L’emploi du « que » en tant que en tant qu’adverbe interrogatif au sens de « pourquoi » dans
« que ne disiez vous » et des impératifs « dites » accentuent cette impression de leçon, qui
ridiculise Acis. On a un deuxième décalage comique entre la banalité des sujets évoqués par
le narrateur comme la météo, le physique, et la complexité du langage d’Acis, ce qui dresse
une satire comique par antithèse entre les deux.
- Le tiret indique une prise de parole d’Acis, mais dont on prend connaissance, comme au
début du texte, sous la retranscription du narrateur. Elle est donnée sous forme d’objection
introduite par la conjonction de coordination « mais » et l’incise « répondez-
vous ». Réponse en deux temps : « Cela est bien uni et bien clair » : les adjectifs sont donc
péjoratifs pour Acis qui trouve qu’un propos simple n’est pas assez intéressant pour se faire
remarquer, pour se distinguer. La fausse question « et d’ailleurs qui ne pourrait pas en dire
autant ? » est extrêment révélatrice. Le but d’Acis est celui des courtisans, d’apparaître comme
supérieur, d’être différent des autres ; c’est une critique des précieux dont La Bruyère fait la
satire en rendant le précieux prétentieux et excessif au point de plus n’être compris du tout.
- Enfin, le narrateur par sa réponse pose un jugement et expose sa thèse au lecteur. La question
qu’il pose est une question rhétorique comme on le comprend par l’hyperbole ironique
« un si grand mal ». Il y a un chiasme avec « être entendu quand on parle » et « parler comme
tout le monde » qui associe les deux idées. La conversation s’achève puisque Acis ne dira plus
rien après, et le narrateur à le dernier mot.

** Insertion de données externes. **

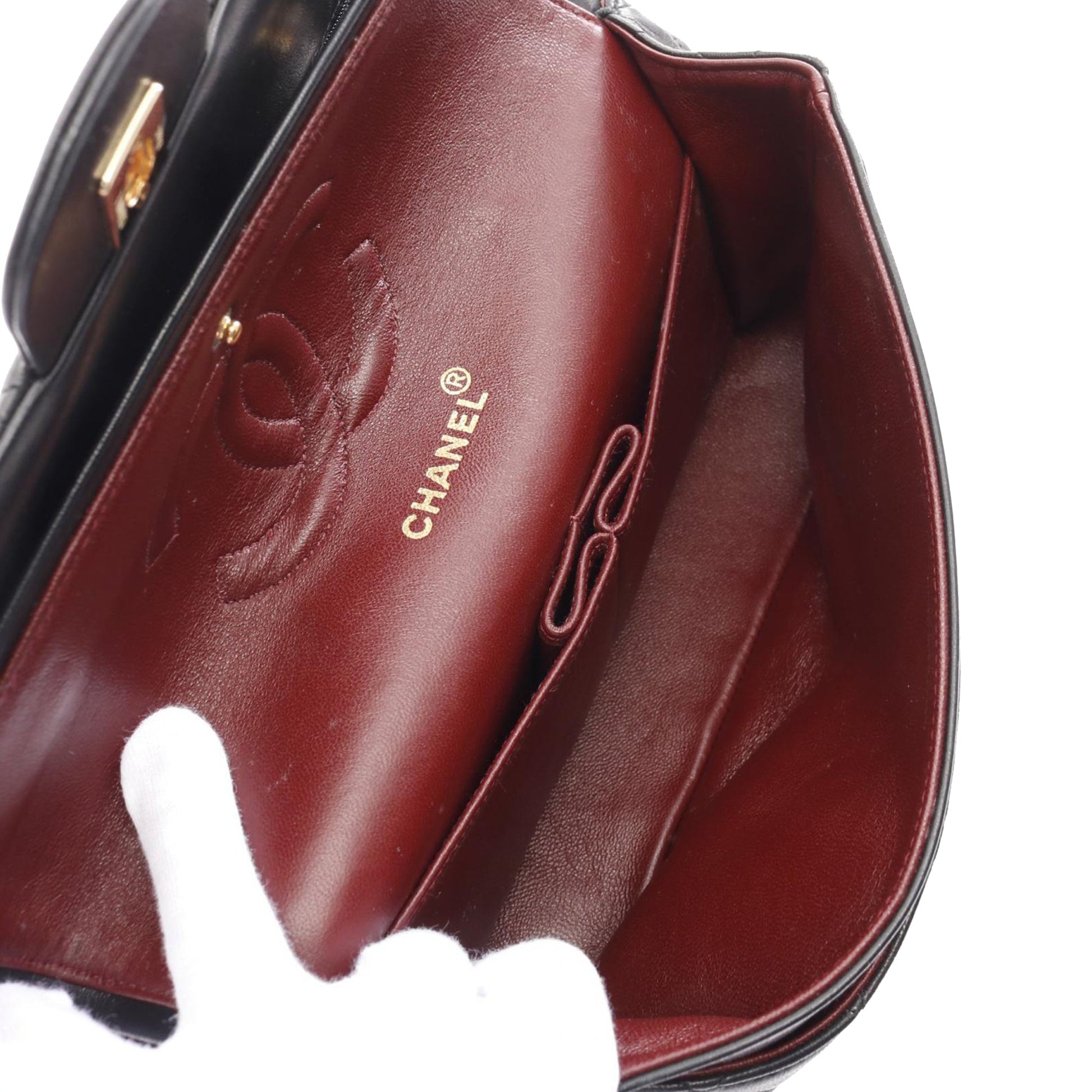 Product Details: Black Chanel Medium Classic Lambskin Double Flap Shoulder Bag. This shoulder bag features a quilted lambskin body, leather woven chain link straps, double front flaps with interlocking Cs and a twist lock closure, an exterior back slip pocket, and interior zip and slip pockets. 6.3" L x 9.8" W x 2.6" D, 8.7" drop. Serial number 1829335.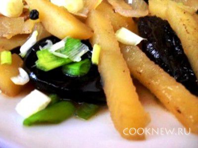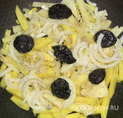 На дно сковороды выложить небольшой слой картошки, затем слой лука, несколько ягод чернослива, лавровый лист, посолить и поперчить по вкусу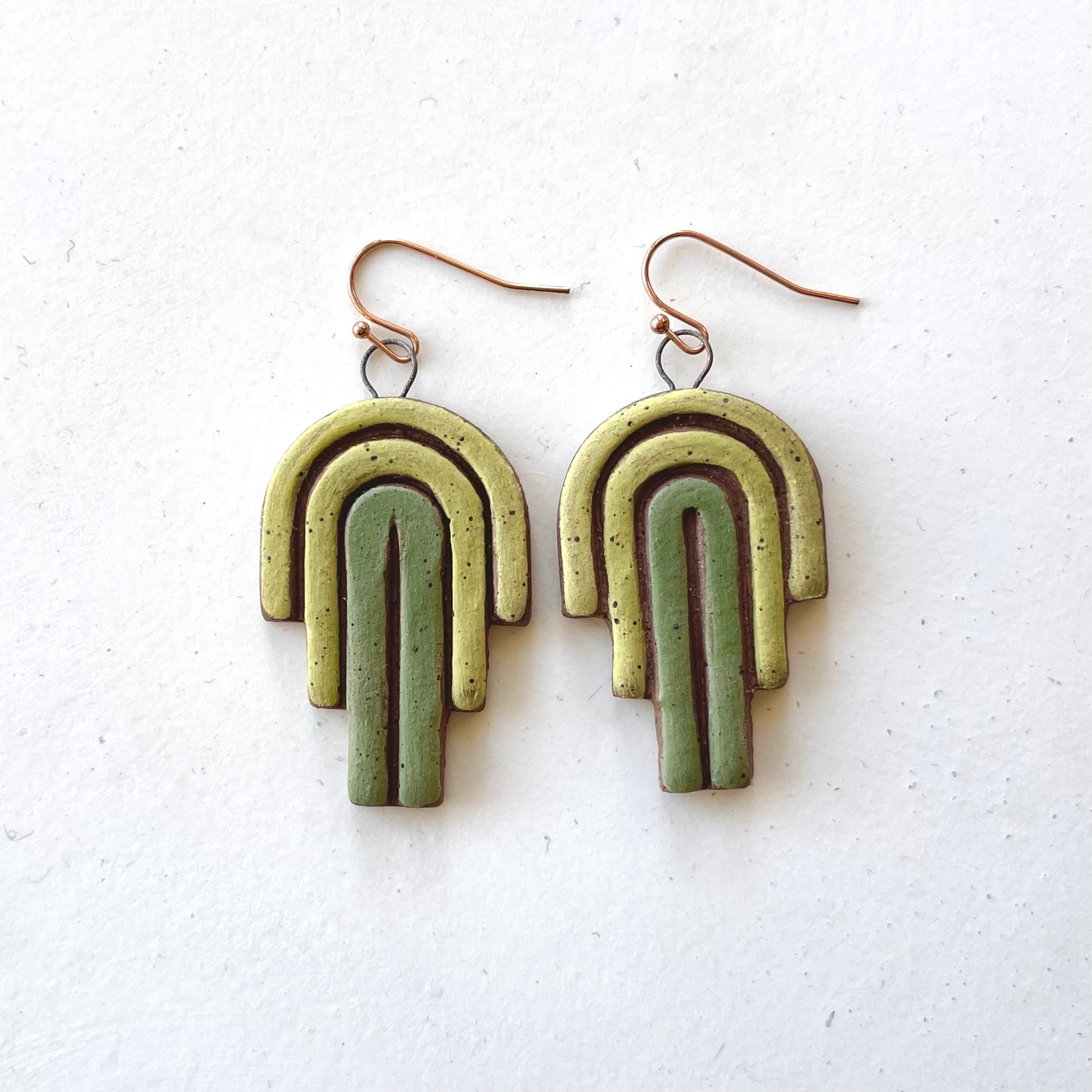 Handmade retro-inspired earrings glazed with earthy greens over a dark speckled brown clay body.

- Le premier mouvement s’achève avec un dialogue à sens unique, une sorte de saynète où
l’auteur n’aura fait parler Acis qu’à partir de la ligne 6, où il s’exprime à travers le narrateur
qui la tourne en dérision. Acis est éloigné du gentilhomme classique qui doit suivre des
principes comme celui de Boileau énoncé en introduction : « Ce qui se conçoit bien s’énonce
clairement, et les mots pour le dire arrivent aisément ».
En somme, La Bruyère dénonce une utilisation inutilement compliquée du langage et fait la satire des
précieux d’abord par le ridicule et anticlassique personnage d’Acis, qui peine à être compris. La
saynète vivante qui confronte le courtisan au moraliste laisse place à un dialogue ironique dans lequel
la parole est monopolisée par l’auteur, qui, par une multitude de procédés comiques, tourne en dérision
la mode de la préciosité, devenue ridicule à l’époque classique. La Bruyère dresse une satire acerbe de
ce courant qu’il attaque sans réserve dans le deuxième mouvement, par un exposé argumentatif visant
à dévoiler l’incohérence des propos d’Acis et les sentiments de suffisance qui les motivent, exposé
qu’il couronne, à la fin du texte, par une pointe ironique. Cette empreinte finale suppose que le
langage simple dénote plus d’esprit que le « pompeux galimatias » des « diseurs de Phébus », avec une
chute qui voit le triomphe intellectuel du moraliste qui défait le précieux sur son terrain du langage et
de l’esprit, dans une langue simple qui illustre bien l’esthétique classique de brièveté, de clarté et de
simplicité, et qui n’empêche pourtant pas l’esprit de briller. Antécédante, la pièce de Molière « Les
précieuses ridicules », représentée pour la première fois en 1659, dressait déjà la satire de la
préciosité : mais le génie de La Bruyère emploie le principe d’ironie ou de dissimulation, qui, à
l’inverse de la raillerie, à pour objectif selon Théophraste de « rendre l’homme raisonnable en
disposant les éléments du discours de manière que le lecteur constitue un sens, et non dans une morale
didactique ». Ce procédé est fréquemment utilisé à l’ère classique notamment par Nicolas Boileau
dans sa « Satire 6, Les embarras de Paris » ou encore par Montesquieu dans Lettres Persanes, à travers
la plume ironique du jeune persan Rica, et c’est ce qui justifiera la phrase de l’écrivain français André
Gide en 1926 qui qualfie les Caractères en ces termes : « Si claire est l’eau de ces bassins qu’il faut se
pencher longtemps au dessus pour en comprendre la profondeur ».